Download or read book World Views and Worldly Wisdom Visions et exp riences du monde written by Jan De Maeyer and published by Leuven University Press. This book was released on 2016-05-02 with total page 425 pages. Available in PDF, EPUB and Kindle. Book excerpt: The attraction and repulsion between the Roman Catholic Church and modernity in Europe between 1750 and 2000 Emiel Lamberts (1941), professor emeritus of contemporary history at KU Leuven, is an international expert in the political and religious history of Europe in the 19th and 20th centuries. His work and the central themes in his research are the starting point in World Views and Worldly Wisdom. No less than eighteen leading international researchers put different aspects of his work in the spotlight. A recurring theme, however, is the attraction and repulsion between the Roman Catholic Church and modernity in Europe between 1750 and 2000. The ambivalent relationship with modernity is therefore the leitmotiv of the first part of this volume, whereas the second part focuses on the repositioning of the Church and the tensions between religion, ideology and politics. In this way the volume reflects Lamberts’s fascination for the history of political institutions as well as his research on Christian democracy.
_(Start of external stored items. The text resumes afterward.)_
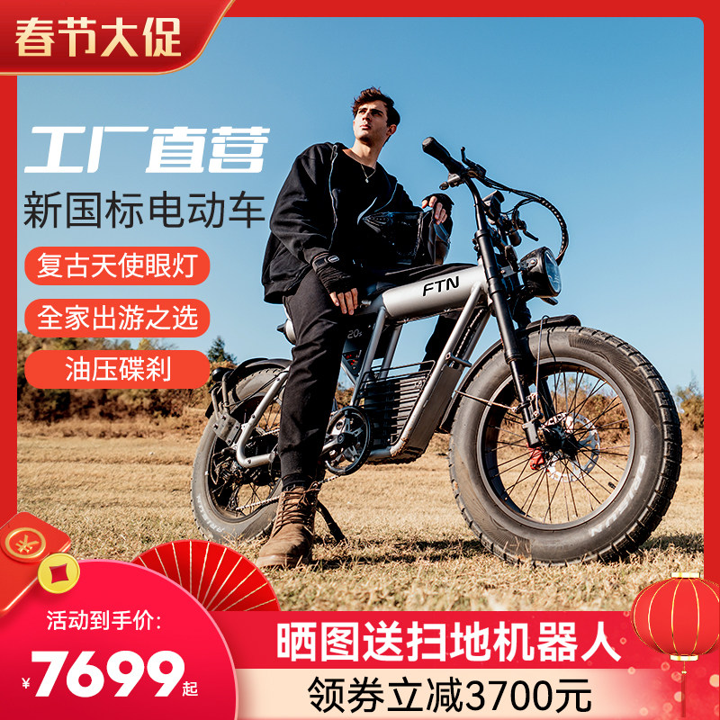 FTN新款低座T20s锂电池助力电动自行车复古山地车摩托车电单车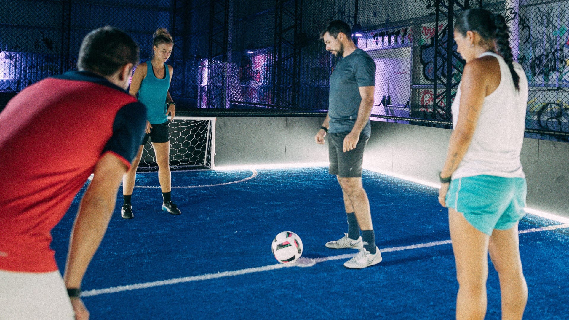 Nada como un picado entre amigos o un desafío en nuestra cancha de fútbol rápido, donde las paredes no solo evitan que la pelota salga, sino que, bien utilizadas, permiten generar pases y crear situaciones de gol. Además, nuestro césped de última generación amortigua cada paso, brindando una sensación más cómoda al pisar, sin necesidad de caucho ni arena.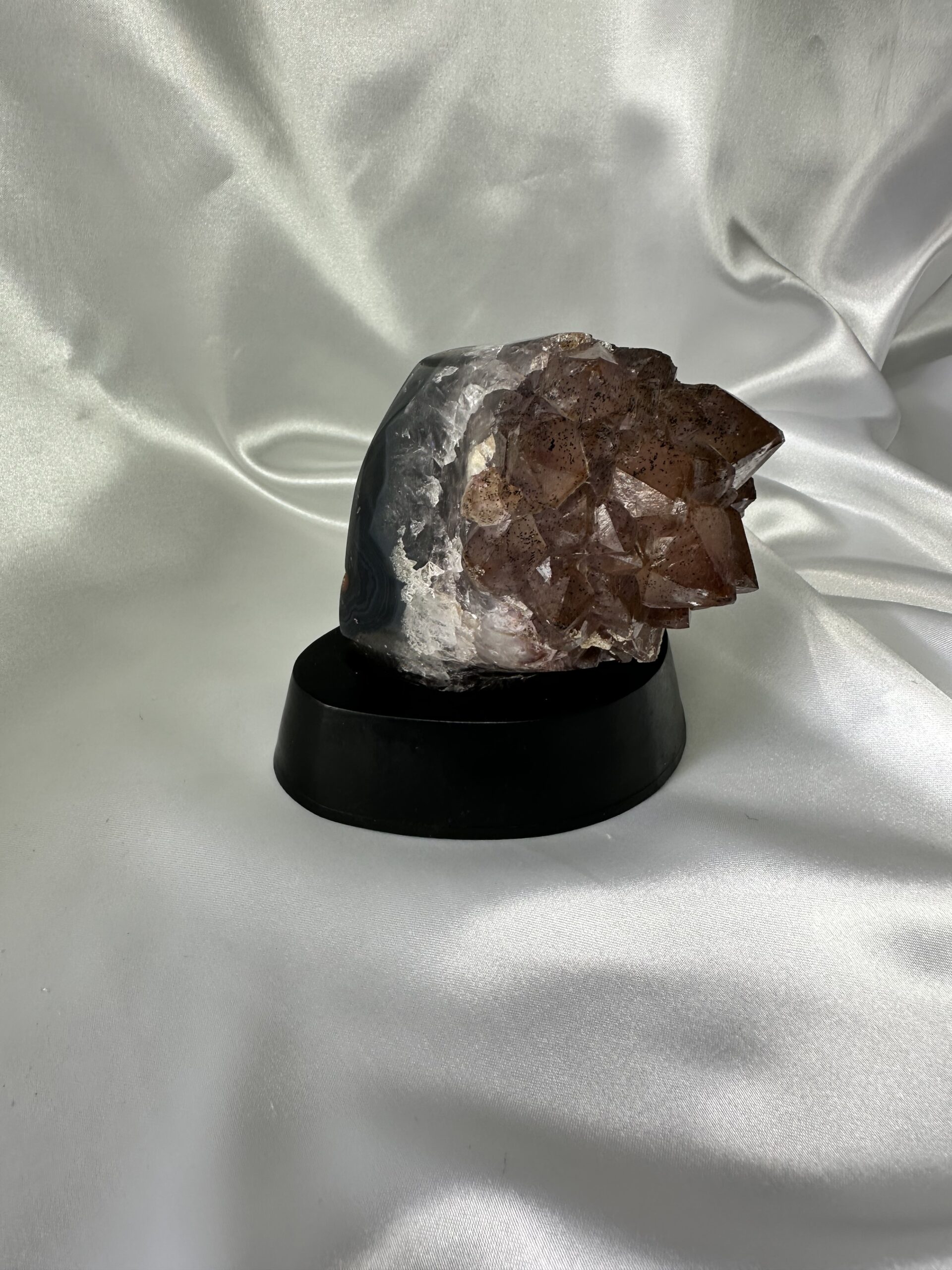 Red Amethyst Freeform brings the energy of courage, tenacity, inner strength, romance, and passion. Red Amethyst balances and heals the root and crown chakras and repairs damage to a wounded sense of self-worth.

The contributions address – in a comparative way and from a transatlantic viewpoint – this broad period of time in history, which gave rise to different social movements and different models of society in Belgium and elsewhere. Contributors Winfried Becker (Universität Passau), Bruno Béthouart (Université du Littoral Côte d’Opale), Hans Blom (Universiteit van Amsterdam), Alfredo Canavero (Università degli Studi di Milano), Philippe Chenaux (Pontificia Università Lateranense, Roma), Andrea Ciampani (LUMSA, Roma), Jo Deferme (KU Leuven), Jan De Maeyer (KADOC KU Leuven), Henk De Smaele (Universiteit Antwerpen), Carine Dujardin (KADOC KU Leuven), Jean-Dominique Durand (Université Lyon 3), Michael Gehler (Jean Monnet Chair, Universität Hildesheim - Institut für Neuzeit- und Zeitgeschichtsforschung, Wien), Susana Monreal (Universidad Católica del Uruguay), Patrick Pasture (KU Leuven), Patrick M.W. Taveirne (The Chinese University of Hong Kong), Peter Van Kemseke (Europese Commissie, KU Leuven), Vincent Viaene (Attaché bij het Huis van Koning Filip), Els Witte (Vrije Universiteit Brussel)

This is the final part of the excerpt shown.